__Aim of the exercise__: Your answer must be exactly the lines from the one containing "San Luis Potosí, S.L.P.- Elementos" through the end of the material, both ends included, without pictures.

__Source data__:
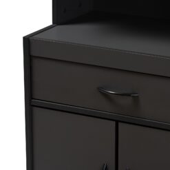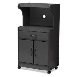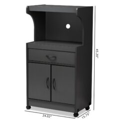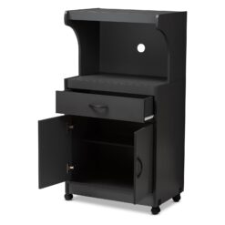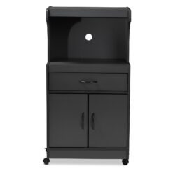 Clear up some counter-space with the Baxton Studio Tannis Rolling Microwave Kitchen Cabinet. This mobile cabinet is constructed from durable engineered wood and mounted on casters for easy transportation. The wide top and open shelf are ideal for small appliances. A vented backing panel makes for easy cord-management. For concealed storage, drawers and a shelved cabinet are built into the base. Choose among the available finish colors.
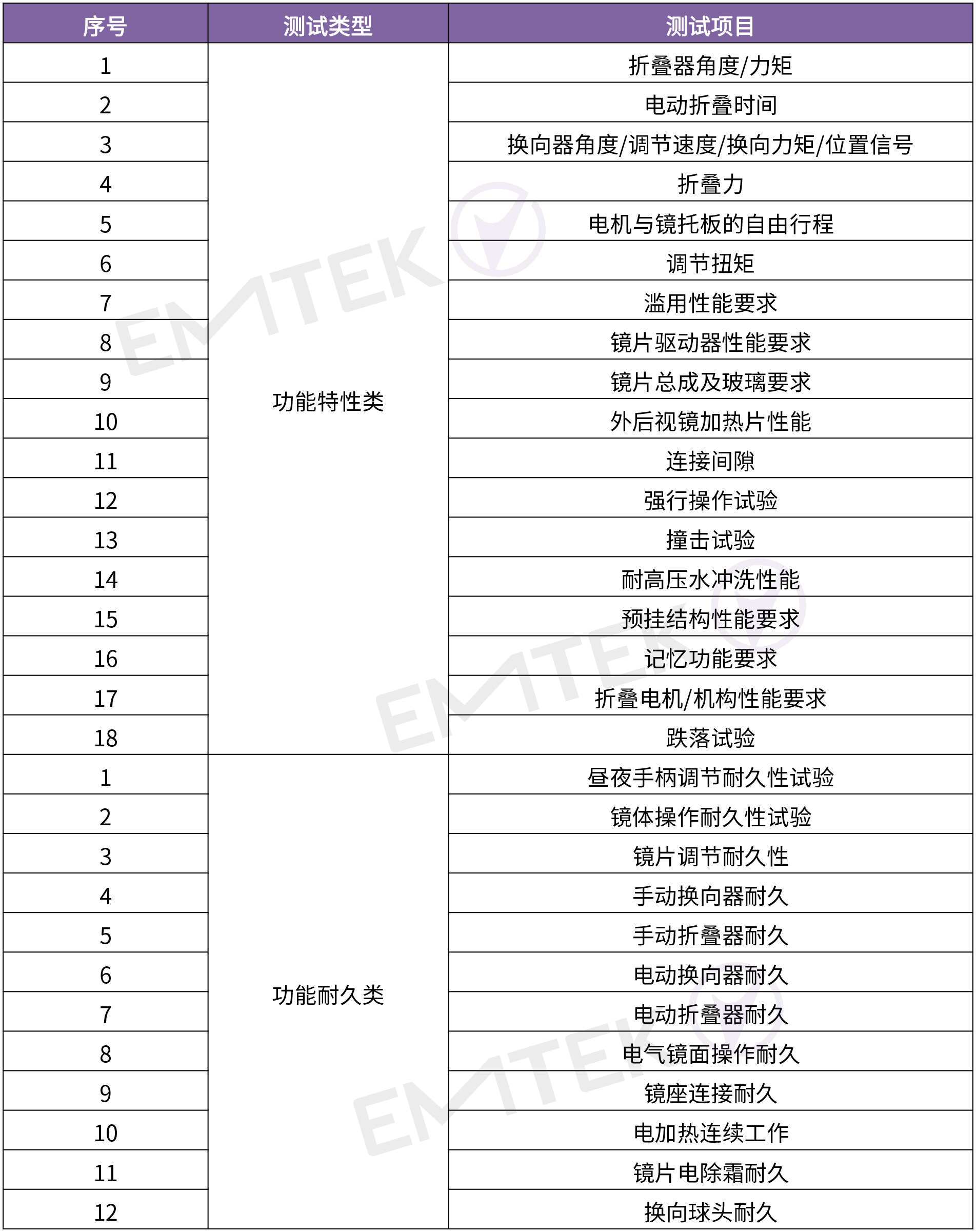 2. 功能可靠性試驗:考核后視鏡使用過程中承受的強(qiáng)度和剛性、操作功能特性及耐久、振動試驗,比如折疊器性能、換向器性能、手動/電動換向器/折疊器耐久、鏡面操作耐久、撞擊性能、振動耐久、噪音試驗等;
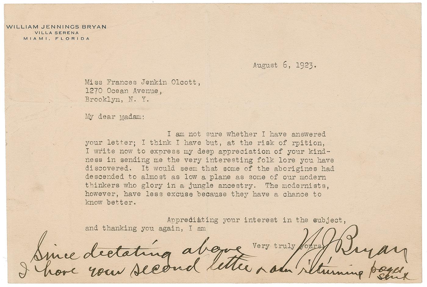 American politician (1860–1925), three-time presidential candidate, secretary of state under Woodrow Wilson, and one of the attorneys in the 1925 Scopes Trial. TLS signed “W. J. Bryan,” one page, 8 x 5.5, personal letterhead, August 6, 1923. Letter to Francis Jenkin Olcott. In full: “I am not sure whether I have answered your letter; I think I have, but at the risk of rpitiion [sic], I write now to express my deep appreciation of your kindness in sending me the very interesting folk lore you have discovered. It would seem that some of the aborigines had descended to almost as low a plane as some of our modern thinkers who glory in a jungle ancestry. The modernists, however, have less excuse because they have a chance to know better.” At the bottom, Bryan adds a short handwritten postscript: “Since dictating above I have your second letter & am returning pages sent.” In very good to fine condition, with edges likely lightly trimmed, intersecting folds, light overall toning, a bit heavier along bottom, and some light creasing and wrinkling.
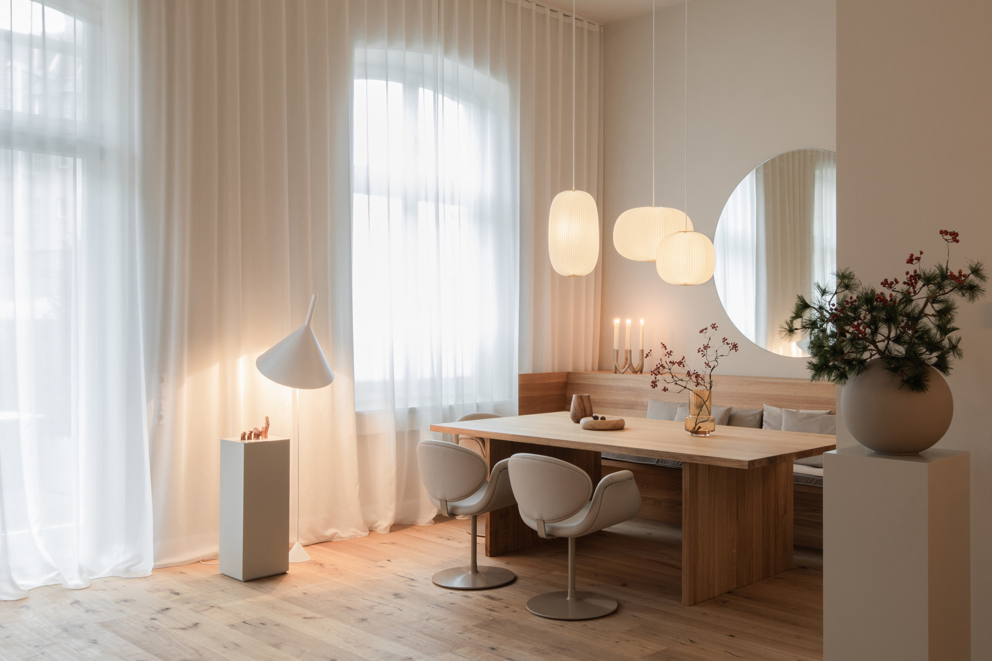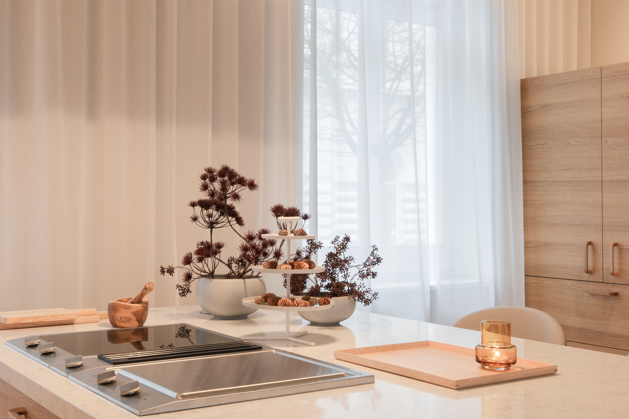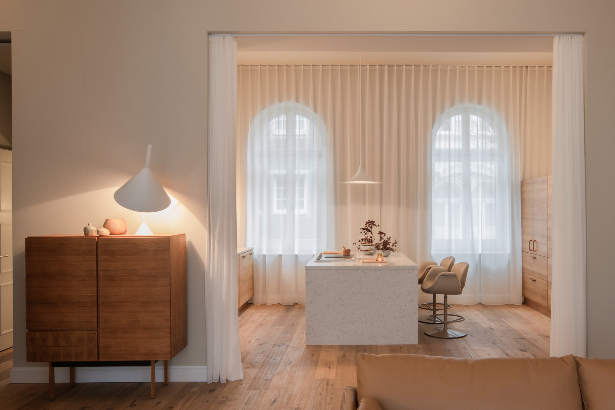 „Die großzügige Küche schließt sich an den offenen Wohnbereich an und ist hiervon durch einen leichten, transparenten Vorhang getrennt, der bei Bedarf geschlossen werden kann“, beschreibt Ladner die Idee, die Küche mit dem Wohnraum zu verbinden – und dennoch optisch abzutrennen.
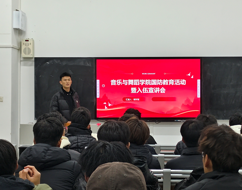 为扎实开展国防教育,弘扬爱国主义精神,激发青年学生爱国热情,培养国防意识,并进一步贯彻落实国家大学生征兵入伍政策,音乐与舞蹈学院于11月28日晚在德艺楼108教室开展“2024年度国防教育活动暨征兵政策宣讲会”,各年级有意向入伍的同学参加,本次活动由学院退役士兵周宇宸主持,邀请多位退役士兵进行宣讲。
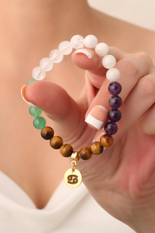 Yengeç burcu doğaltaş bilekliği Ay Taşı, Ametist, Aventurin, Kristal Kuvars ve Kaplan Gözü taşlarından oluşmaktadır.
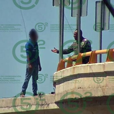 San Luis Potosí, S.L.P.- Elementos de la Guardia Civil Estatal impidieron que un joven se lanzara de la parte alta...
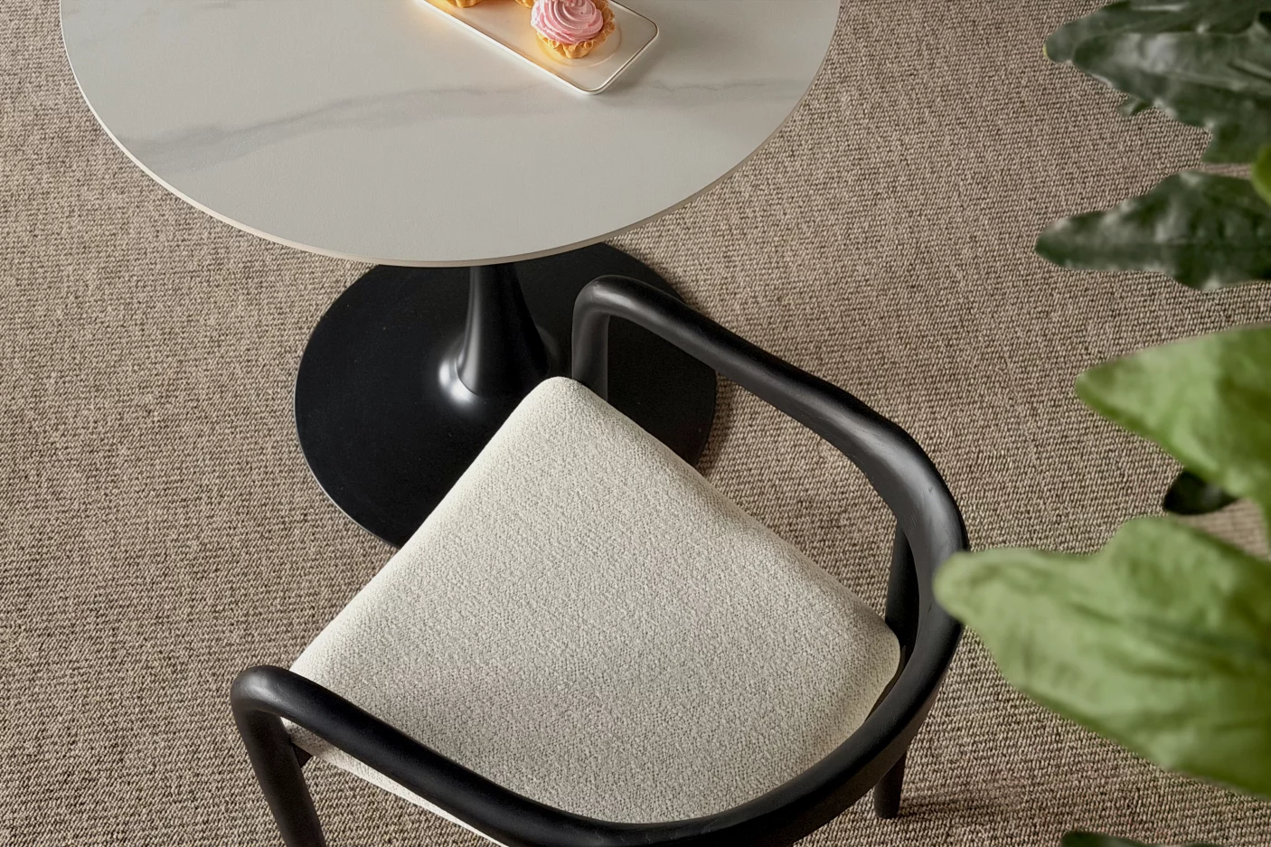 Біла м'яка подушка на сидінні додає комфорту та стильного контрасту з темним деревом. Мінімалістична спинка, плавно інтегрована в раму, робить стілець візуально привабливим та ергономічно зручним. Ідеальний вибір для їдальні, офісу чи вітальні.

__Task solution__:
 San Luis Potosí, S.L.P.- Elementos de la Guardia Civil Estatal impidieron que un joven se lanzara de la parte alta...
 Біла м'яка подушка на сидінні додає комфорту та стильного контрасту з темним деревом. Мінімалістична спинка, плавно інтегрована в раму, робить стілець візуально привабливим та ергономічно зручним. Ідеальний вибір для їдальні, офісу чи вітальні.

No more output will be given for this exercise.